# Sub. needs work 15+ years snowplowing Naperville area



## naperman (Oct 15, 2010)

I'm looking for work with good company in naperville area or surrounding town call 1 630 263-1063 todd plowed for15+ years.


----------



## chitown sparky (Sep 24, 2009)

might want to try KCG management think they are looking for plowers in that area


----------



## naperman (Oct 15, 2010)

KCG a good company to work for? pay on time?


----------



## chitown sparky (Sep 24, 2009)

I am going to work for them this year and so is a couple others from here you can look up there web site KCG MGT LLC


----------



## Dlongerman (Nov 6, 2008)

yes good company pay every 2 weeks, certified pay rolls through the government because they have schools. use the "SEARCH" tool and u can gather lots of information very quickly.


----------



## AEI (Nov 1, 2009)

Only thing I could dig up on the search feature was this cluster of a thread...kcg only has 3 posts. Maybe another user name?

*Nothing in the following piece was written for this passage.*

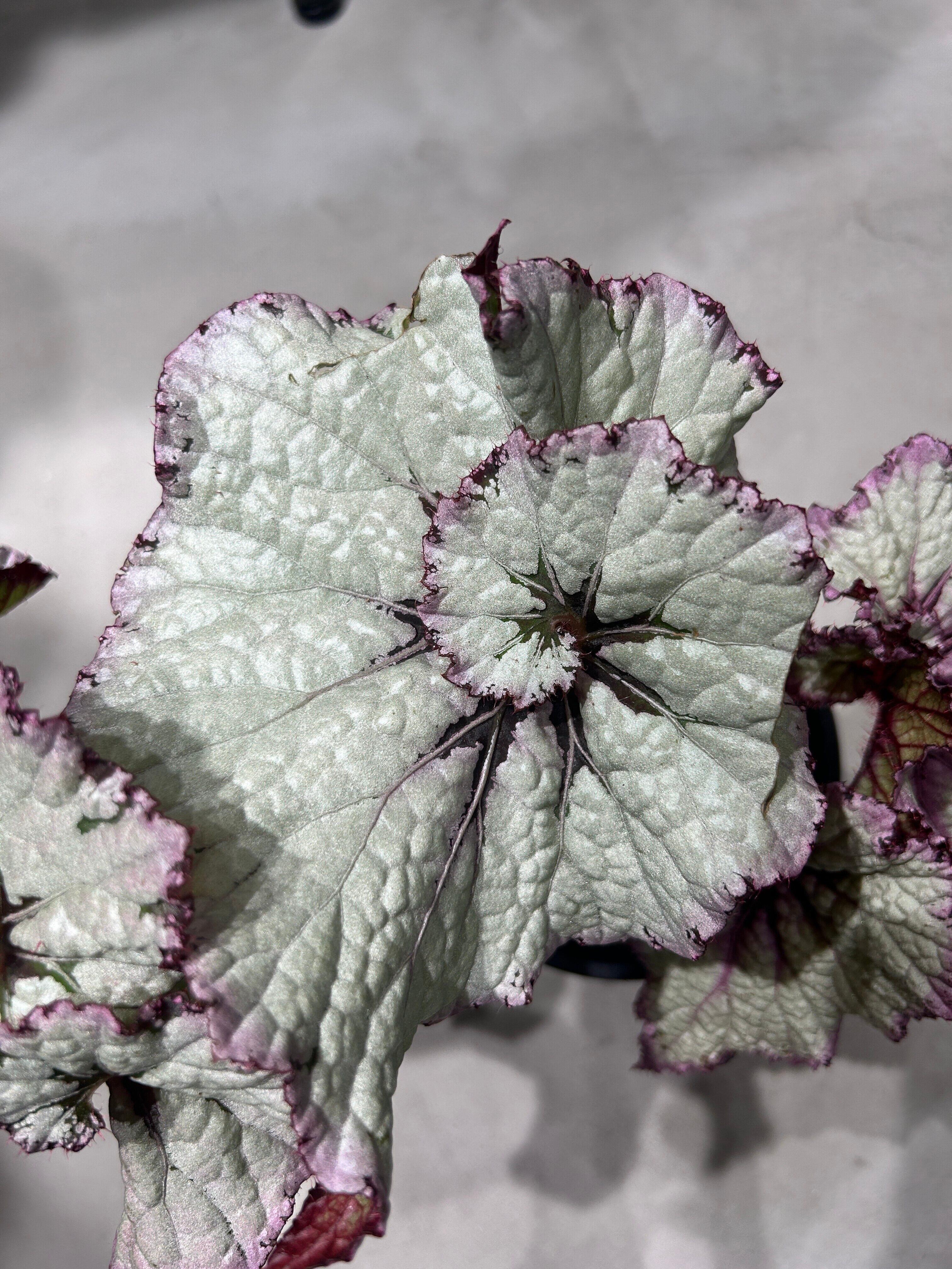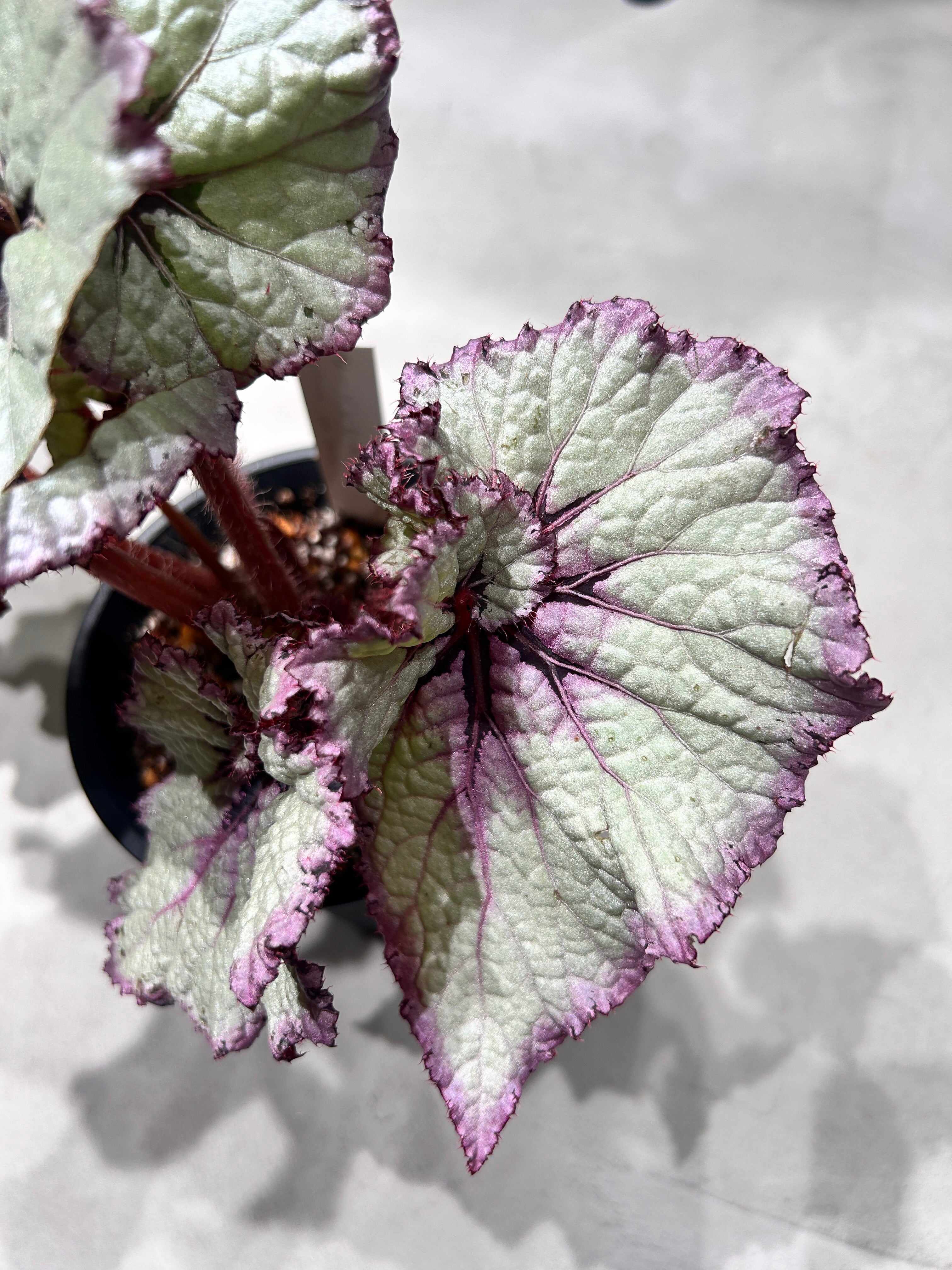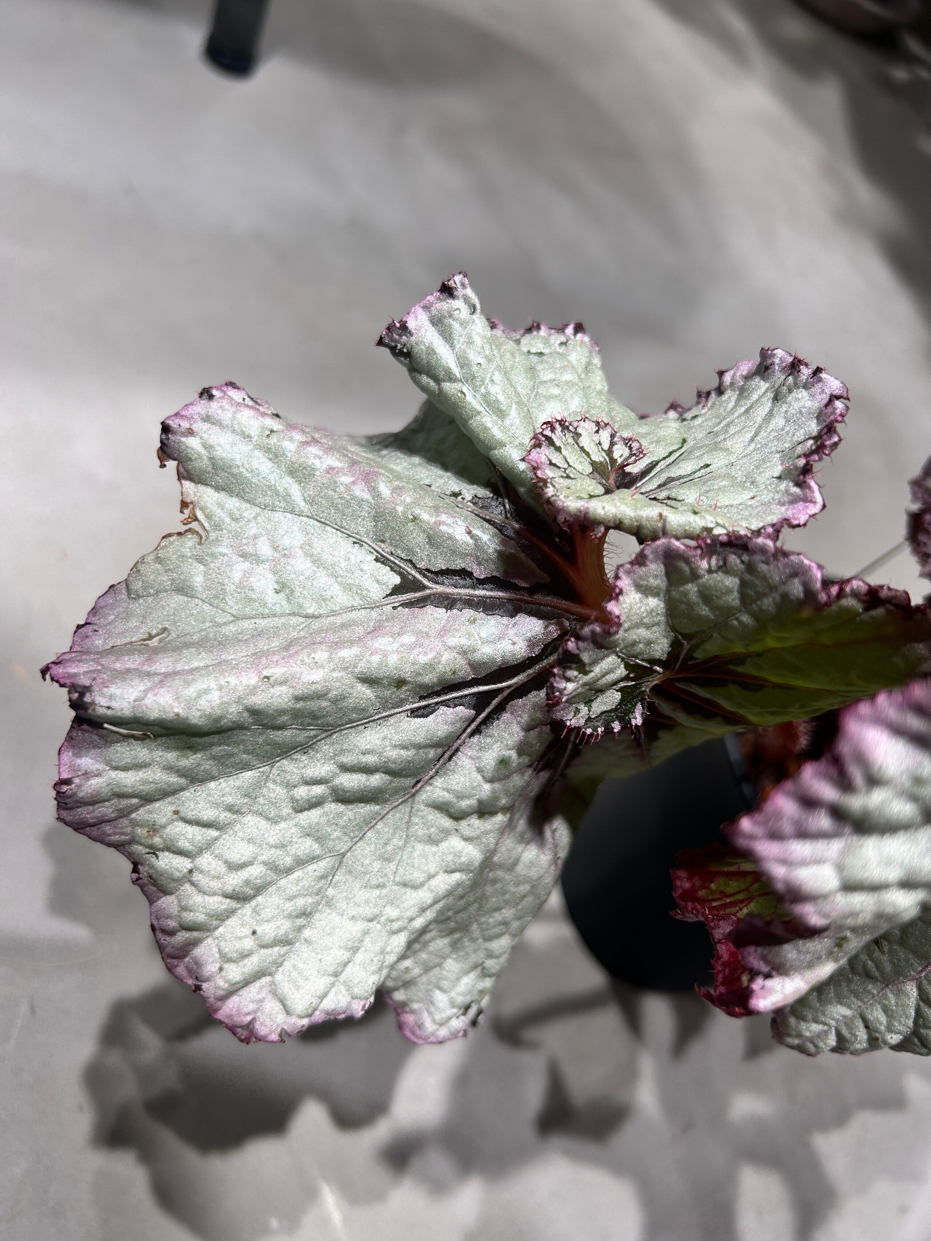 中心部の葉脈が黒色、葉の縁部分が薄い紫色が綺麗な植物です。

http://www.plowsite.com/showthread.php?t=104892

not sure if it helps or now lol.


----------



## naperman (Oct 15, 2010)

*Thanks*

Thanks guys i also worked for mike lorenzo last year i plowed five lots payed me what he owed me but also had to chase checks last one bounced he would not return calls or answer phone but i didnt give up found addresses online and started looking for him finally got check just sucks when you work and do a good job and have to chase your money down! I'm gonna work for Mark at KCG Management this year hope all goes well !!!ussmileyflag


----------



## Dodge Plow Pwr (Dec 7, 2007)

We are working for mark @ KCG as well this year. Let it snow brother......:waving:


----------